* [Task item]:
Only the lines from the one with "Make a truly" through the final line below belong in the answer, copied exactly and without pictures.

(Records drawn from a dataset)
============================================================
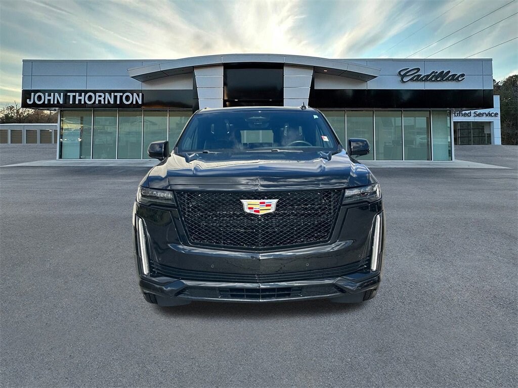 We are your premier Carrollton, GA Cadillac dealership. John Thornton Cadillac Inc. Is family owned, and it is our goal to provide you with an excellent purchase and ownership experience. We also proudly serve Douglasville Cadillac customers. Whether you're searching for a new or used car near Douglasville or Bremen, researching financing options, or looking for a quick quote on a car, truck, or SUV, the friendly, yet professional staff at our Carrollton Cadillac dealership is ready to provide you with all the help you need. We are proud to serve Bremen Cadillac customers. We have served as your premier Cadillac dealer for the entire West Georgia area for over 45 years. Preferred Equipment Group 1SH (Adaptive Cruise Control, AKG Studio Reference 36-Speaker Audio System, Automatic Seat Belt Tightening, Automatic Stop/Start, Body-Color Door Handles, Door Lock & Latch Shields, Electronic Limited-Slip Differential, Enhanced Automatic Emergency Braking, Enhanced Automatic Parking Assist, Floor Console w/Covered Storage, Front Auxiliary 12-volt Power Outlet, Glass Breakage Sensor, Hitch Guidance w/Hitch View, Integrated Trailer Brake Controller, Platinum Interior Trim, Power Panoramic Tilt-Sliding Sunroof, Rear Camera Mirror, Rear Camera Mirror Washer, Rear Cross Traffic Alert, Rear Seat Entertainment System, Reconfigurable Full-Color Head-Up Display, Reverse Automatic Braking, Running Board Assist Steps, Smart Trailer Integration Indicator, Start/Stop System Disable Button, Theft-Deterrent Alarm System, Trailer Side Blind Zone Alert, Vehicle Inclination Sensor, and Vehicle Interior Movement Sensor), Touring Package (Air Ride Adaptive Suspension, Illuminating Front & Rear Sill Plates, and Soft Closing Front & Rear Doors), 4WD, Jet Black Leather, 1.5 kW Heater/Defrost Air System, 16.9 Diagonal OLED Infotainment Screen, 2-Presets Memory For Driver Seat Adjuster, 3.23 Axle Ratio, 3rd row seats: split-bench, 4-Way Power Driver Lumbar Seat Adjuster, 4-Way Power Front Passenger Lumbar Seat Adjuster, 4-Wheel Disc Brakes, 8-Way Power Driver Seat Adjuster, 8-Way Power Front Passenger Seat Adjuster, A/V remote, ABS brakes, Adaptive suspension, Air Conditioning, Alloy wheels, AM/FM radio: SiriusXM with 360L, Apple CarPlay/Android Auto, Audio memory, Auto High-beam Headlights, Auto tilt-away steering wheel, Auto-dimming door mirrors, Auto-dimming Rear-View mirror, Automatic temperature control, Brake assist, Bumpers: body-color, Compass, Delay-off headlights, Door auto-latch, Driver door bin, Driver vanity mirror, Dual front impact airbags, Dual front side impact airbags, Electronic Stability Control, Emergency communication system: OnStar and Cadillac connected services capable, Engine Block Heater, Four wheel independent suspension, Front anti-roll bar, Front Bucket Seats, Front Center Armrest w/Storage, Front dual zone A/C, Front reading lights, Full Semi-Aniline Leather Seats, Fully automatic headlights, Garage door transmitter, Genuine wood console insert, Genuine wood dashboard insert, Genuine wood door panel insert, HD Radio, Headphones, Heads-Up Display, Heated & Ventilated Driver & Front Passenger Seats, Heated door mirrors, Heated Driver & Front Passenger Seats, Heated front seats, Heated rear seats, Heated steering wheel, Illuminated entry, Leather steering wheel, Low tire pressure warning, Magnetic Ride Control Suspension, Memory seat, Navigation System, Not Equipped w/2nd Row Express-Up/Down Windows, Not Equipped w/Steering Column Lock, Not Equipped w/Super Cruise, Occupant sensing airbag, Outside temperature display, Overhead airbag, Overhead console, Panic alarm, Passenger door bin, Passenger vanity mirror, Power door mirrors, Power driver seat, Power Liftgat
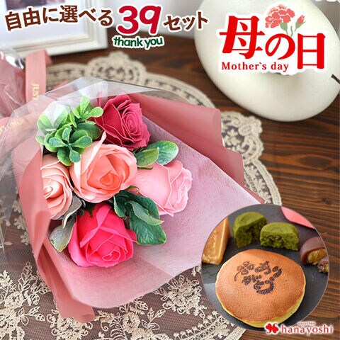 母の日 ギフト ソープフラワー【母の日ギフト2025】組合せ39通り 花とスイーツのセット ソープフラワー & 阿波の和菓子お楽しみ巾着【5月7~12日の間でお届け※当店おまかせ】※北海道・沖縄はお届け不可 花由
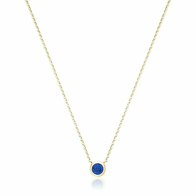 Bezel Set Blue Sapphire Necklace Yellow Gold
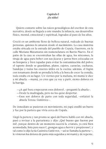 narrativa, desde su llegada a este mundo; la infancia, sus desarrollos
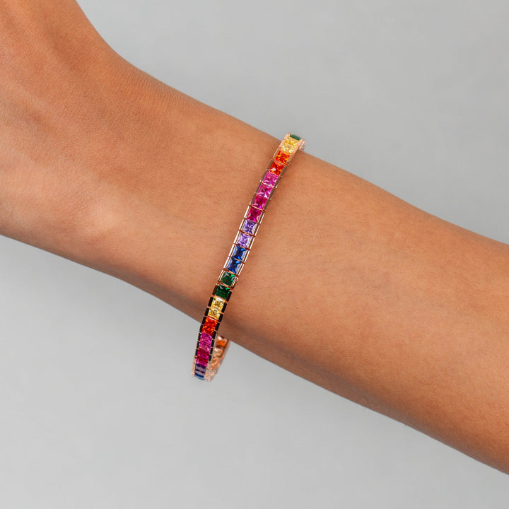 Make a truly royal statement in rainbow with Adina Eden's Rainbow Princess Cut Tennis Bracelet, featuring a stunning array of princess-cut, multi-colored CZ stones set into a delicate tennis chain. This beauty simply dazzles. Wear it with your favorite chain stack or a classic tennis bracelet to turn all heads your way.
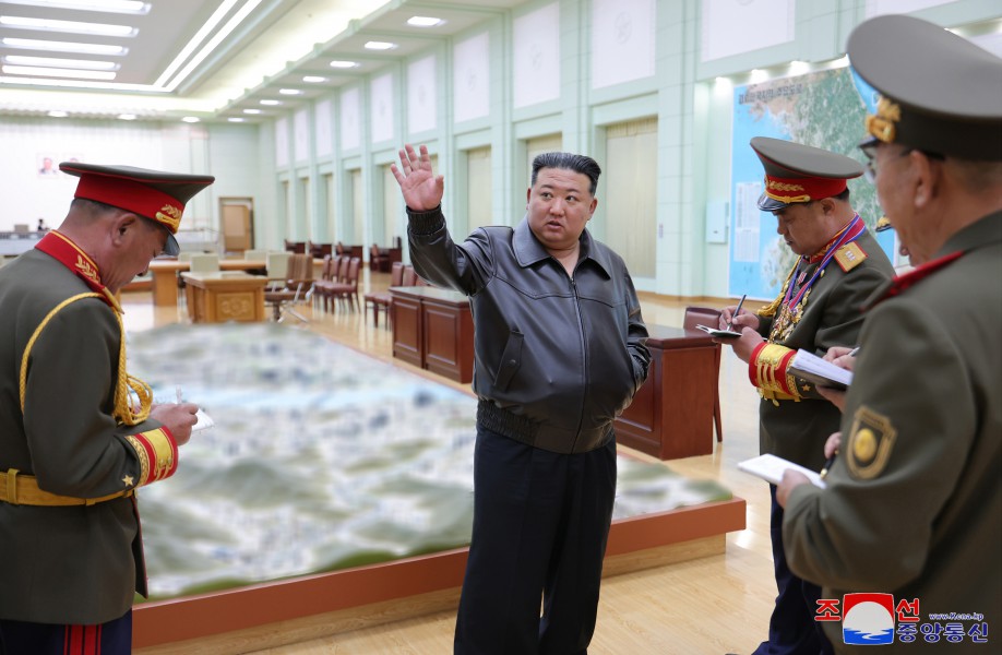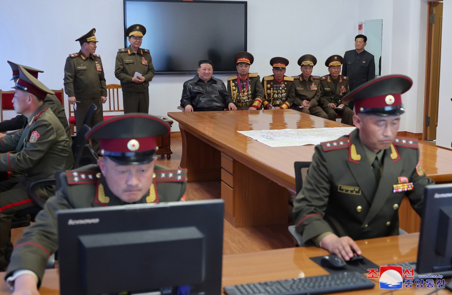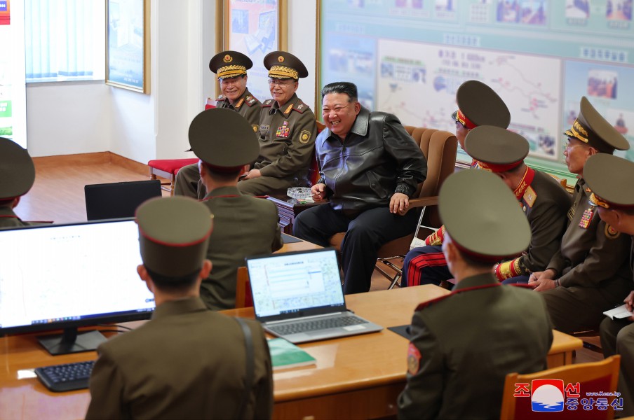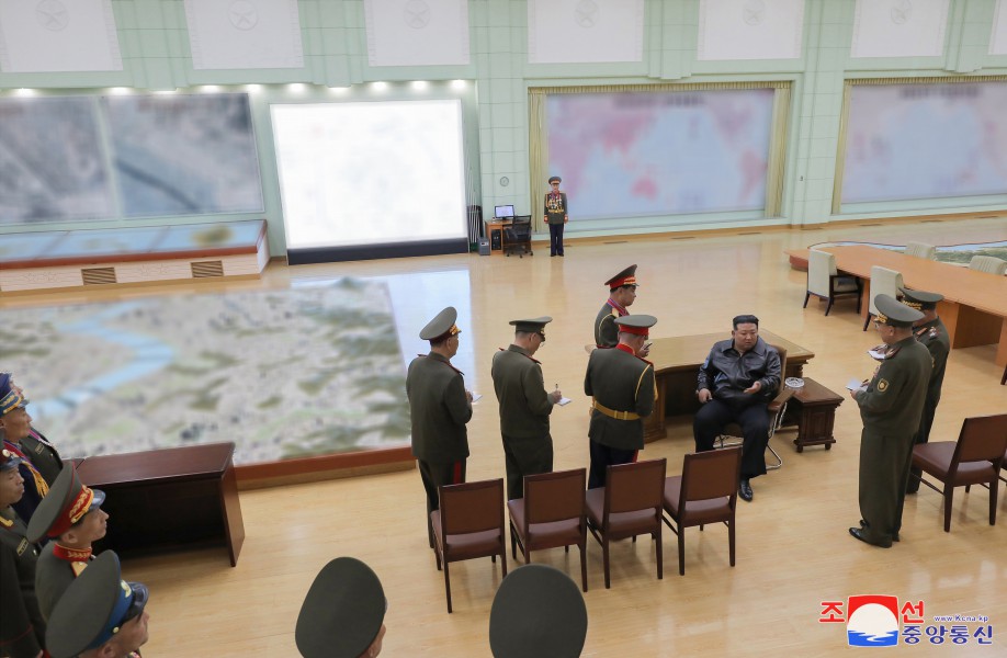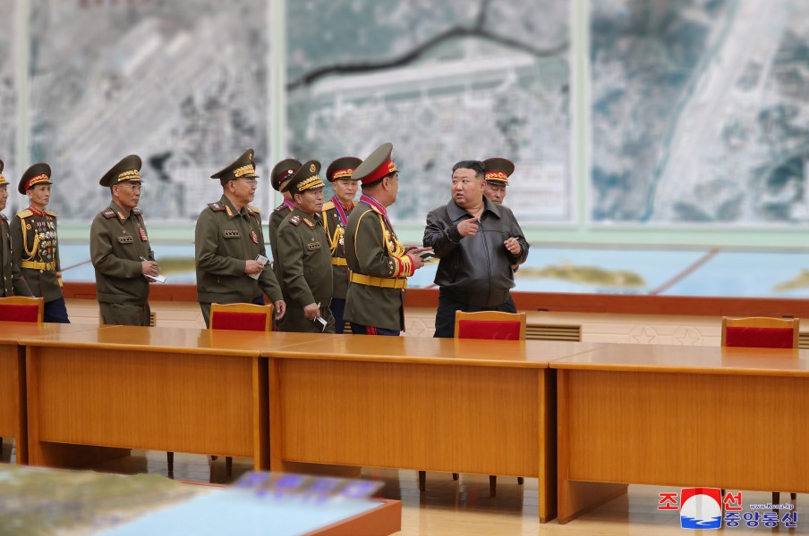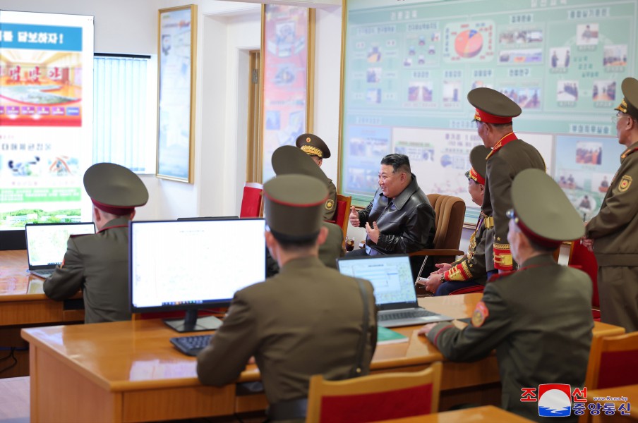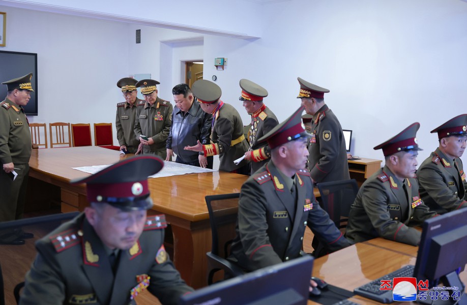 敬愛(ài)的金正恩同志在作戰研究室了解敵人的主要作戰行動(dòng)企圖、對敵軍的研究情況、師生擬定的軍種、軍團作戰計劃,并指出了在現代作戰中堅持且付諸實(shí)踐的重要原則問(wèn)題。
============================================================
* [Task output]:
 Make a truly royal statement in rainbow with Adina Eden's Rainbow Princess Cut Tennis Bracelet, featuring a stunning array of princess-cut, multi-colored CZ stones set into a delicate tennis chain. This beauty simply dazzles. Wear it with your favorite chain stack or a classic tennis bracelet to turn all heads your way.
 敬愛(ài)的金正恩同志在作戰研究室了解敵人的主要作戰行動(dòng)企圖、對敵軍的研究情況、師生擬定的軍種、軍團作戰計劃,并指出了在現代作戰中堅持且付諸實(shí)踐的重要原則問(wèn)題。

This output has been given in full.